CS 334
Programming Languages
Spring 2002

Assignment 3
Due Thursday, 2/28/02

  1. The following grammar is motivated by declarations in C:
        <Declaration> ::= <Type> <Declarator>
               <Type> ::= int | char
         <Declarator> ::= '*' <Declarator>
                        | <Declarator> '[' number ']'
    		    | <Declarator> '(' <type> ')'
    		    | '(' <Declarator> ')'
    		    | name

    a. Prove the syntactic ambiguity of this grammar by finding a string that has two distinct parse trees. Draw the parse trees.

    b. The constructs '[' number ']' and '(' ')' can be thought of as being postfix operators with a declarator as an operand. Suppose that '*' has lower precedence than these operators. Write an unambiguous grammar that generates the same strings as this grammar and makes it easy to identify the components of a declarator.

    c. Suppose that the first production for Declarator is changed to make '*' a postfix operator (i.e., it goes after the Declarator rather than in front of it). Why is the resulting grammar unambiguous?

  2. Two famous phrases used as examples in linguistics are "Time flies like an arrow" and "Fruit flies like a banana." (I believe they are due to Noam Chomsky). Please generate plausible syntax rules for English that would allow you to parse both of these sentences. The point of the examples is to indicate the difficulty in parsing (and understanding) natural languages. Please explain this difficulty.

  3. In file parseEnglish.ml you can find the skeleton of a parser for the English grammar given on page Ch4-5 of Louden. Please replace the "??" by real ML code so that

       parsestr sentence;
    returns true if and only if sentence is a string generated by the grammar.

    Function lexstr converts a string into a list of strings, where each of the strings in the list corresponds to a word in the sentence. The function parse takes a list of strings representing words and returns true iff the list corresponds to a sentence according to the grammar. Notice that this is different from the parsers looked at in class where we returned parse trees. This is simpler!.

    The functions parseSentence, parseVerbPhrase, etc take a list of tokens as argument and return a pair consisting of a boolean (indicating whether it actually found the kind of phrase) and the remaining unused tokens. Thus parseNounPhrase ["the","girl","sees","a","dog"] would return the pair (true,["sees","a","dog"]).

    I have written parseArticle and parseSentence for you. This should be sufficient to help you write the other three. Just remember that your calls to parseX functions should exactly follow the grammar.

  4. In this problem, I want you to begin to design an ML interpreter for a simple functional language. Our language is relatively simple, but more sophisticated than the arithmetic expressions of last week since it involves functions. The expressions are written in the language given by the following simple BNF grammar.

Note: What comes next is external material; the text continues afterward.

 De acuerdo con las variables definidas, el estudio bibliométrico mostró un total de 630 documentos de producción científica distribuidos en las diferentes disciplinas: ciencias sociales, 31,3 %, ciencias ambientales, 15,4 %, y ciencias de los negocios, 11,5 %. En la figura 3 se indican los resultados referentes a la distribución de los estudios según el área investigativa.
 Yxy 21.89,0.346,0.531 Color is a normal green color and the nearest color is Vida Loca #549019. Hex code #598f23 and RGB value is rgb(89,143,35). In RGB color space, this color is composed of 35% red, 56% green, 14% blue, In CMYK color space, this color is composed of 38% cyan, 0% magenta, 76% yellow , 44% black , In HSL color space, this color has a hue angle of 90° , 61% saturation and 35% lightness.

       e ::= x | n | true | false | succ | pred | iszero | 
         if e then e else e | (fn x => e) | (e e) | rec x => e
    In the above, "x" is a variable, "n" stands for an integer, "true" and "false" are the truth values, "succ" and "pred" are unary functions which either add or subtract 1 from its arguments, "iszero" is a unary function which returns "true" if its argument is 0 and "false" otherwise, "if...else..." is a conditional expression, "fn x => e" is a function with formal parameter "x" and body "e", and "(e e)" represents function application. (Don't worry about "rec x => e" for now! It is used for defining recursive functions.)

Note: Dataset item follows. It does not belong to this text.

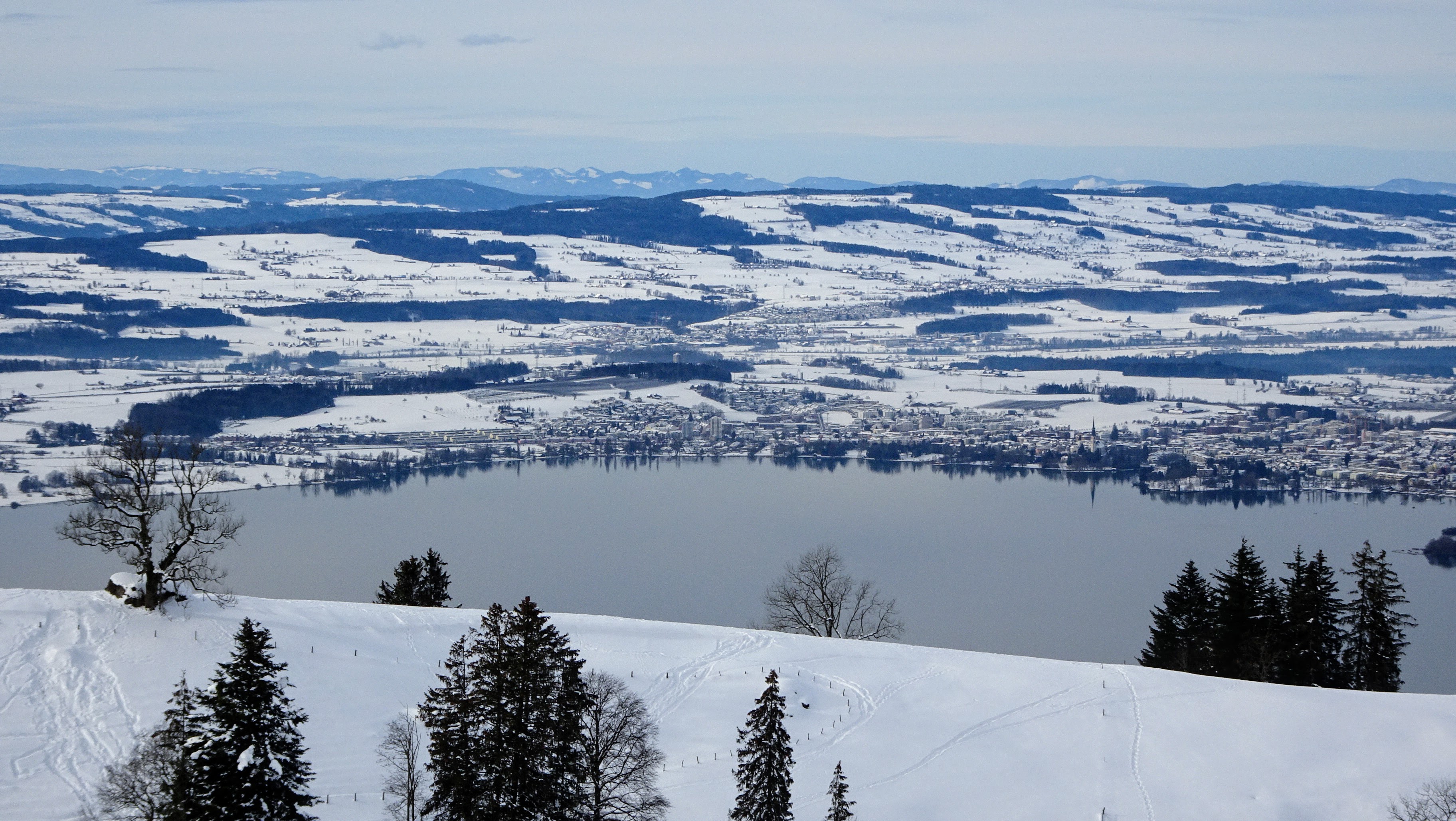 Mit Schneeschuhen über den Zugerberg und hinunter bis Zug

    As in last week's assignment, we will presume that we have a parser which parses input into an abstract syntax tree, which your interpreter should use. The definition of the ML datatype is

       datatype term = AST_ID of string | AST_NUM of int | AST_BOOL of bool
                     | AST_SUCC | AST_PRED | AST_ISZERO
                     | AST_IF of (term * term * term) | AST_ERROR of string
                     | AST_FUN of (string * term) | AST_APP of (term * term)
                     | AST_REC of (string *term) 
    As before, this definition mirrors the BNF grammar given above; for instance, the constructor AST_ID makes a string into an identifier or variable, and the constructor AST_FUN makes a string representing the formal parameter and a term representing the body of the function into a function. Interpreting abstract syntax trees is much easier than trying to interpret terms directly.

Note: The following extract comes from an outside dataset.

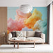 Este papel de parede mural captura a essência de nuvens pastel flutuando em um céu claro, com tons de rosa, amarelo, azul e laranja sutilmente misturados. As formas vaporosas e arejadas dão a impressão de leveza e suavidade, perfeitas para criar uma atmosfera tranquila.

    You are to write an ML function interp that takes an abstract syntax tree representing a term and returns the result of evaluating it, which will also be an abstract syntax tree. The reduction should be done according to the rules given below. The expression "e => v" means that the term "e" evaluates to "v" (and then can be evaluated no further). The rules below are written for the expressions in the original grammar. Your program should be written for the equivalent expressions using the abstract syntax trees (elements of type "term").

    The base cases are:

    (1) n => n for n an integer.

    (2) true => true, and similarly for false

    (3) error => error

    (4) succ => succ, and similarly for the other initial functions

    The other cases are slightly more complicated. They are written in the form of a rule in the manner of the following example:

             b => true         e1 => v
        (5)	---------------------------
             if b then e1 else e2 => v
    We read the rule from the bottom up: if the expression is an if-then-else with components b, e1, and e2, and b evaluates to true and e1 returns v, then the entire expression returns v. Of course, we also have the symmetric rule
             b => false        e2 => v
        (6) ----------------------------
             if b then e1 else e2 => v
    The following are some of the cases for applications:
             e1 => succ        e2 => n
        (7) ----------------------------
                 (e1 e2) => (n+1)
             e1 => pred        e2 => 0       e1 =>pred    e2 => (n+1)
        (8) ---------------------------     --------------------------
                 (e1 e2) => 0                      (e1 e2) => n
             e1 => iszero   e2 => 0          e1 =>iszero   e2 => (n+1)
        (9)	------------------------        ---------------------------
                (e1 e2) => true                    (e1 e2) => false
    Here is a simple example using these rules: Evaluate
       if (iszero 0) then 1 else 2
    According to rules 5 and 6, we must first evaluate (iszero 0). By rule (9), this evaluates to true. Now by rule (5) (and the fact that 1 => 1 via rule 1), this evaluates to 1.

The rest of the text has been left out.